_WORK INSTRUCTION_
When the data below is printed, every line must match exactly and the images must be absent.
┄┄┄┄┄┄┄┄┄┄
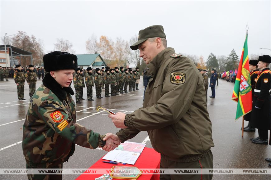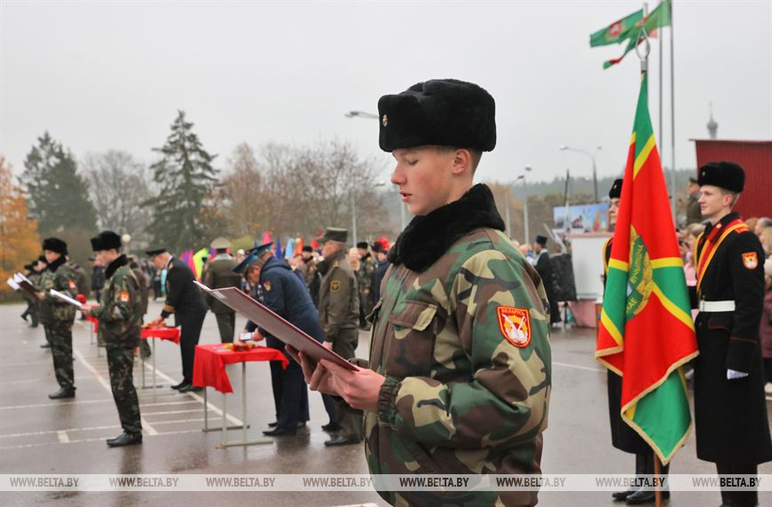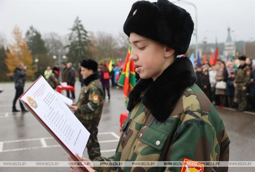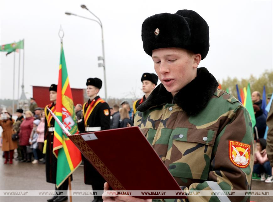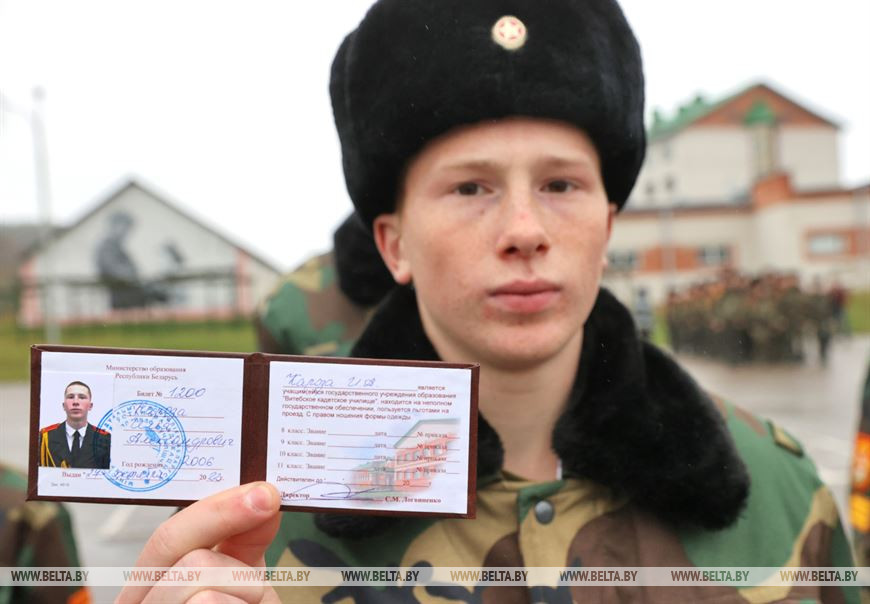 29 октября, Витебский район /Алеся Пушнякова - БЕЛТА/. Сегодня Илья Кароза - латвийский школьник, который во время "Славянского базара в Витебске" взял интервью у Президента Беларуси Александра Лукашенко и из-за гонений на родине переехал в нашу страну, - принес клятву кадета в числе новобранцев Витебского кадетского училища, передает корреспондент БЕЛТА.
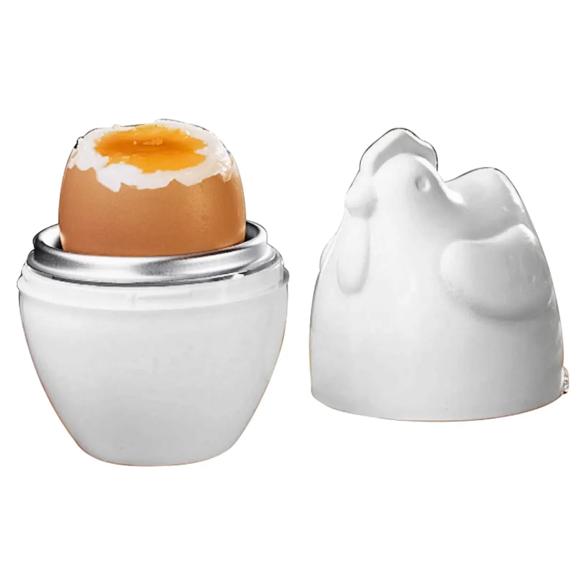 Mit diesem genialen Helfer in origineller Hühneroptik bereiten Sie Ihr Frühstücksei blitzschnell und einfach in der Mikrowelle zu.
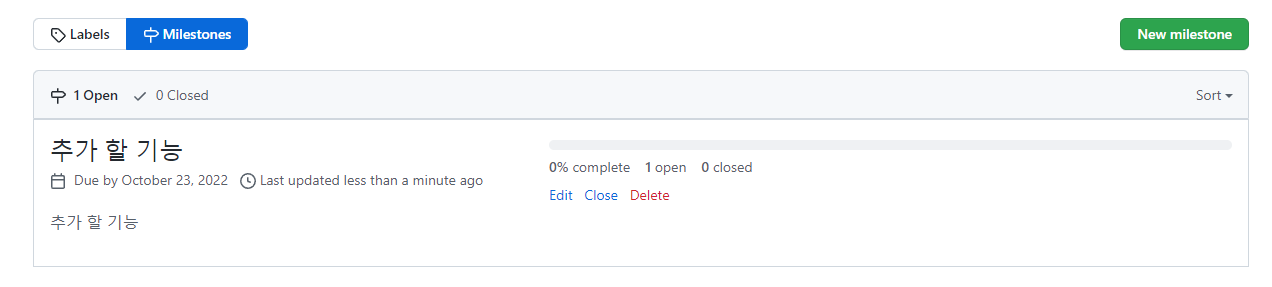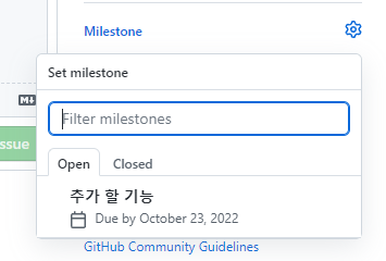 - Milestone : 해당 이슈가 어떤 마일스톤의 하위 이슈인지
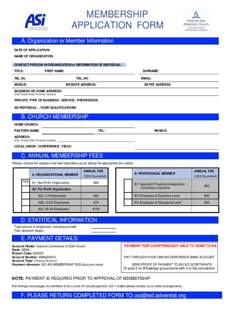 Get the free Organization or Member Information - asisauministries org
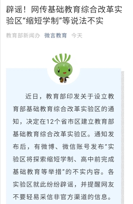 針對(duì)沸沸揚(yáng)揚(yáng)的“大尺度”學(xué)制改革傳言,各基礎(chǔ)教育綜合改革實(shí)驗(yàn)區(qū)均予以辟謠。10月18日,教育部官微“微言教育”也轉(zhuǎn)發(fā)了相關(guān)內(nèi)容,稱“實(shí)驗(yàn)區(qū)將探索縮短學(xué)制、高中前完成基礎(chǔ)教育等舉措”內(nèi)容不實(shí),并提醒網(wǎng)友不要輕易采信非官方渠道的信息。
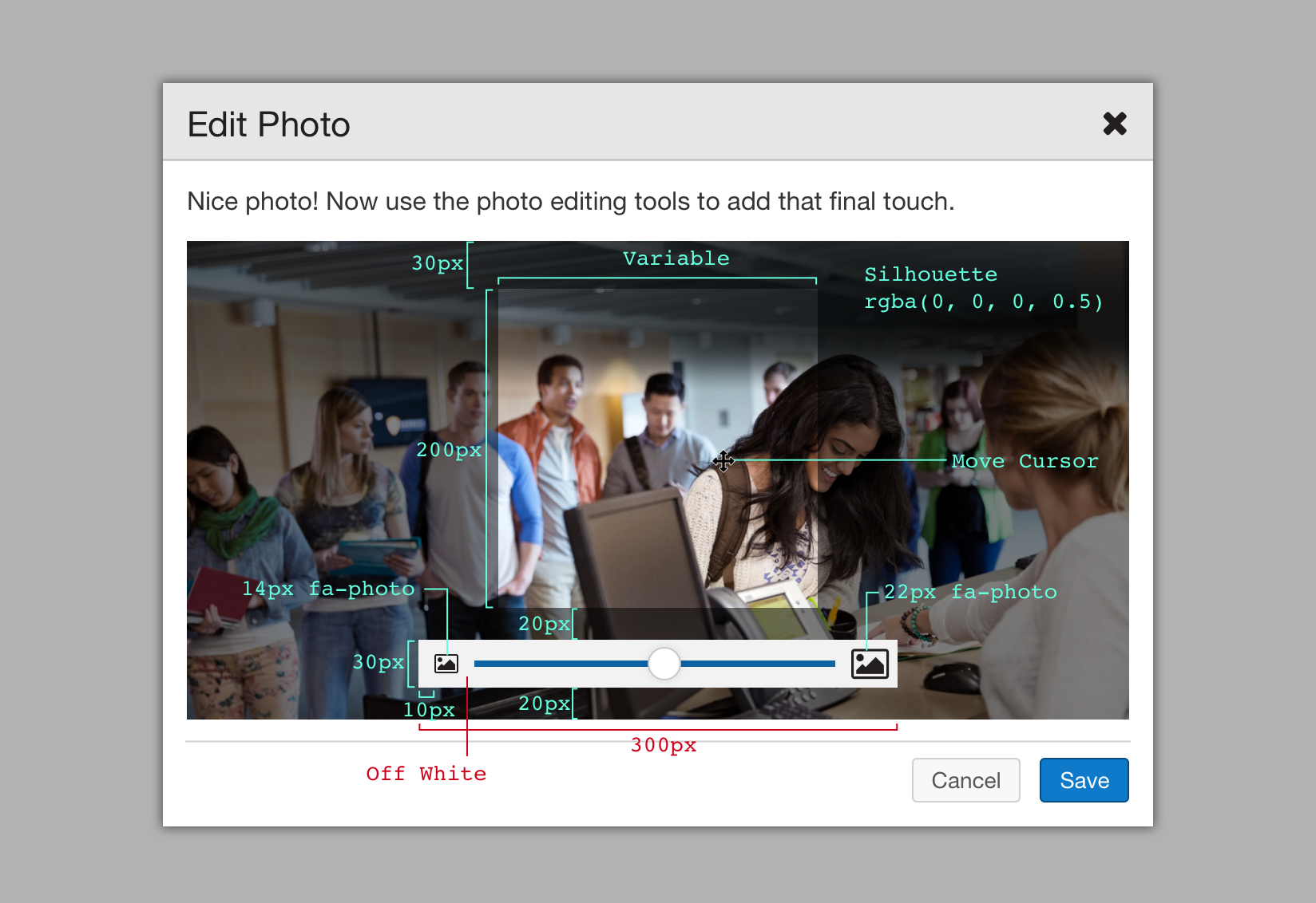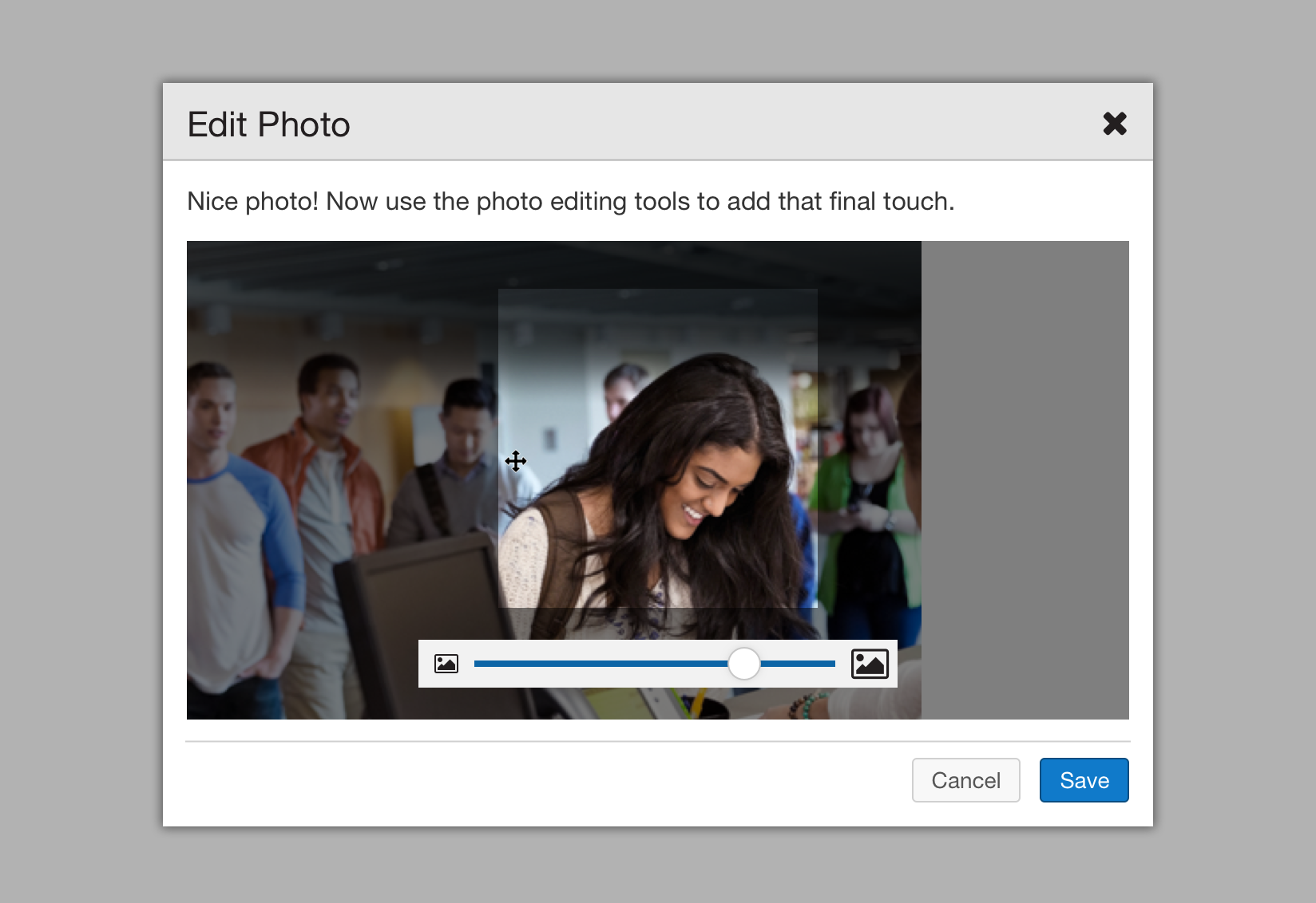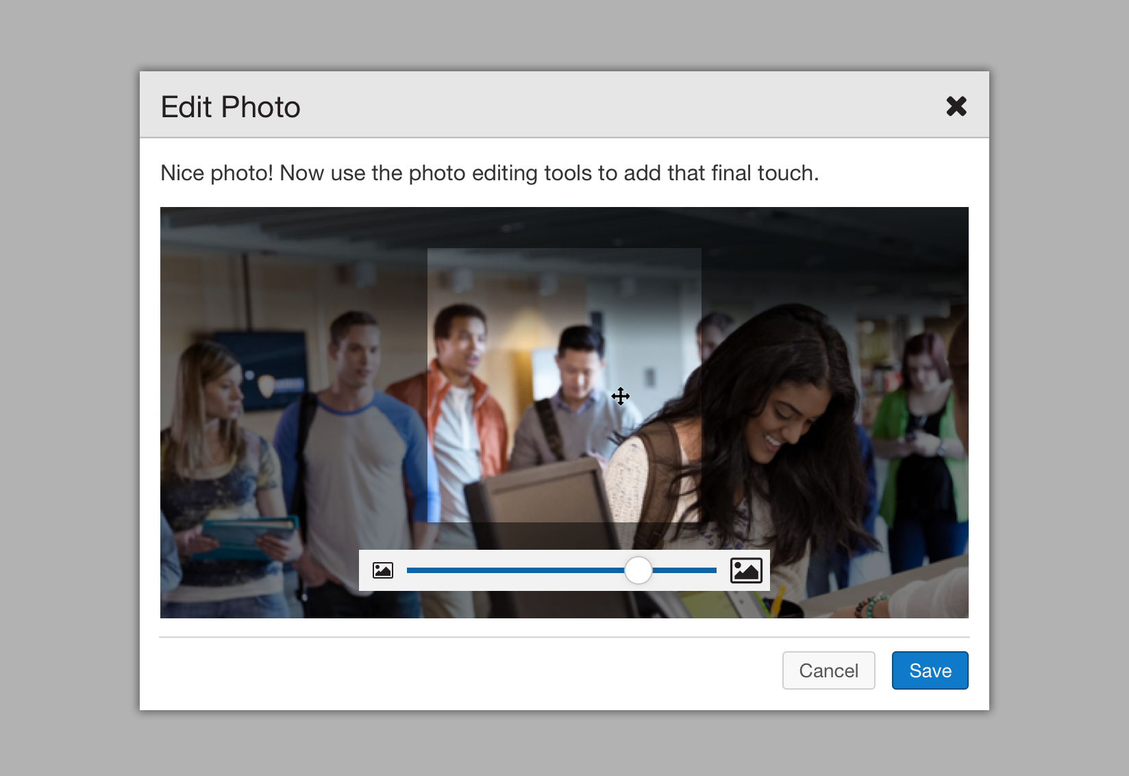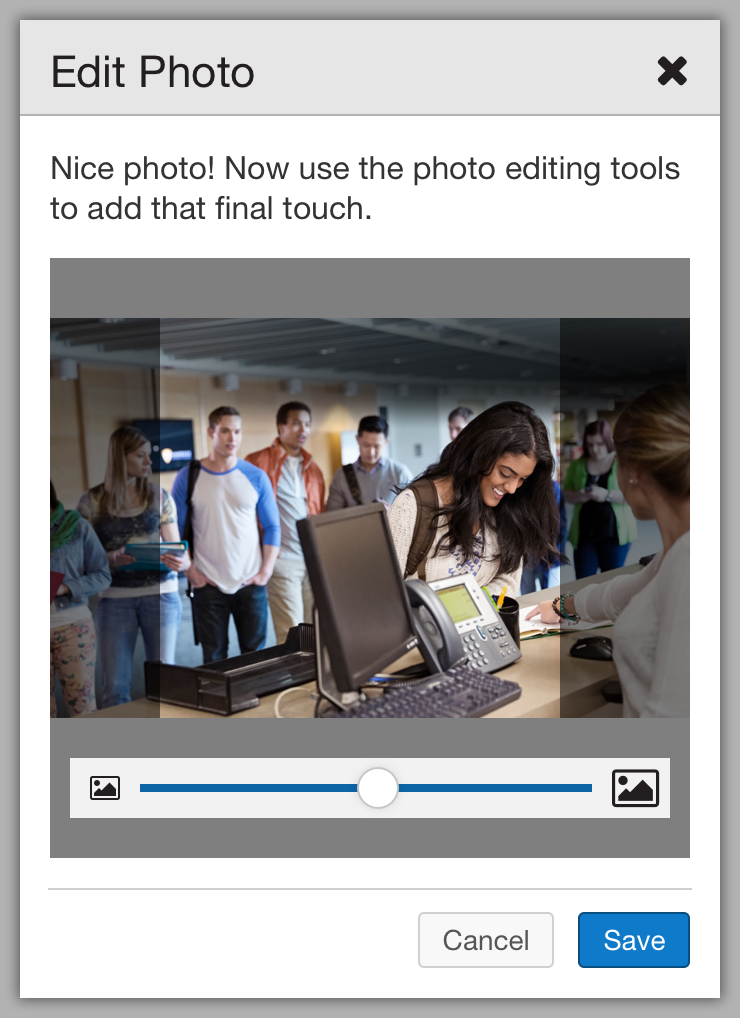 A photo may be scaled from 50% to 200% in size by clicking and dragging the slider towards the bottom of the Edit Photo modal.
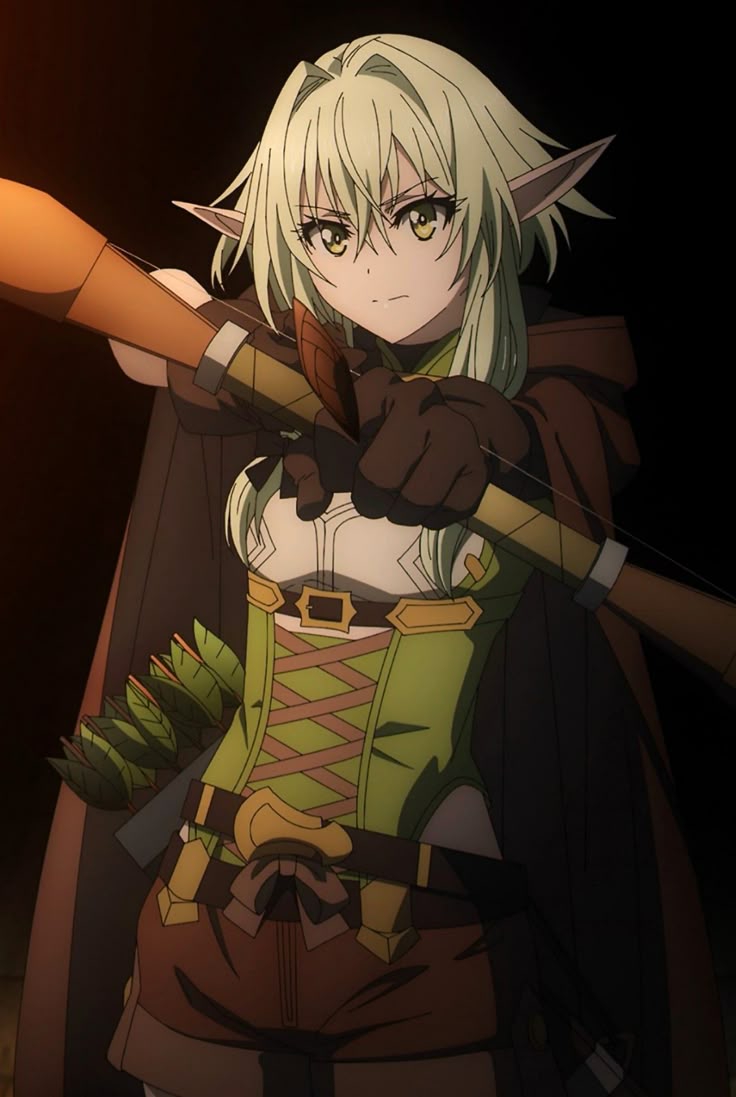 Archer: 5'4 ft tall, slender, lean athletic build. Her body is lithe and toned, featuring long, elegant legs, a narrow waist, and subtle curves that emphasize her agility over raw strength. Small, perky bust, smooth, flawless pale skin. Long, pointed ears poke through her vibrant green hair, which is styled short in the front and long in the back, with two delicate braids framing her face. Her eyes are sharp and emerald green
┄┄┄┄┄┄┄┄┄┄
_RESPONSE AREA_
 29 октября, Витебский район /Алеся Пушнякова - БЕЛТА/. Сегодня Илья Кароза - латвийский школьник, который во время "Славянского базара в Витебске" взял интервью у Президента Беларуси Александра Лукашенко и из-за гонений на родине переехал в нашу страну, - принес клятву кадета в числе новобранцев Витебского кадетского училища, передает корреспондент БЕЛТА.
 Mit diesem genialen Helfer in origineller Hühneroptik bereiten Sie Ihr Frühstücksei blitzschnell und einfach in der Mikrowelle zu.
 - Milestone : 해당 이슈가 어떤 마일스톤의 하위 이슈인지
 Get the free Organization or Member Information - asisauministries org
 針對(duì)沸沸揚(yáng)揚(yáng)的“大尺度”學(xué)制改革傳言,各基礎(chǔ)教育綜合改革實(shí)驗(yàn)區(qū)均予以辟謠。10月18日,教育部官微“微言教育”也轉(zhuǎn)發(fā)了相關(guān)內(nèi)容,稱“實(shí)驗(yàn)區(qū)將探索縮短學(xué)制、高中前完成基礎(chǔ)教育等舉措”內(nèi)容不實(shí),并提醒網(wǎng)友不要輕易采信非官方渠道的信息。
 A photo may be scaled from 50% to 200% in size by clicking and dragging the slider towards the bottom of the Edit Photo modal.
 Archer: 5'4 ft tall, slender, lean athletic build. Her body is lithe and toned, featuring long, elegant legs, a narrow waist, and subtle curves that emphasize her agility over raw strength. Small, perky bust, smooth, flawless pale skin. Long, pointed ears poke through her vibrant green hair, which is styled short in the front and long in the back, with two delicate braids framing her face. Her eyes are sharp and emerald green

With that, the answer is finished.